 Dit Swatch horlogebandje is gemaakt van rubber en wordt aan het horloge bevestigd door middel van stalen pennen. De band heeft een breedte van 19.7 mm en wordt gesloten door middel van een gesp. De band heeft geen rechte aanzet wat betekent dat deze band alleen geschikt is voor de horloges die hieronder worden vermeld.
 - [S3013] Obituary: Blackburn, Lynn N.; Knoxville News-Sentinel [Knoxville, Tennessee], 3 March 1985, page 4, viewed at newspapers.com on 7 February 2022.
--
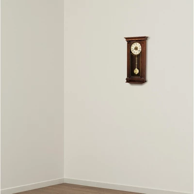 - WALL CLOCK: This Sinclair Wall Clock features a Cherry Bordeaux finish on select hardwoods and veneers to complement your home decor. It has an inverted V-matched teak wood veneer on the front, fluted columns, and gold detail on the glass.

» **PROMPT**: Each line in the listing above from the one containing "Dit Swatch horlogebandje" through the one containing "- [S3013] Obituary: Blackburn, Lynn" should be repeated exactly, and no other line.

» **OUTPUT FOR THIS TASK**:
 Dit Swatch horlogebandje is gemaakt van rubber en wordt aan het horloge bevestigd door middel van stalen pennen. De band heeft een breedte van 19.7 mm en wordt gesloten door middel van een gesp. De band heeft geen rechte aanzet wat betekent dat deze band alleen geschikt is voor de horloges die hieronder worden vermeld.
 - [S3013] Obituary: Blackburn, Lynn N.; Knoxville News-Sentinel [Knoxville, Tennessee], 3 March 1985, page 4, viewed at newspapers.com on 7 February 2022.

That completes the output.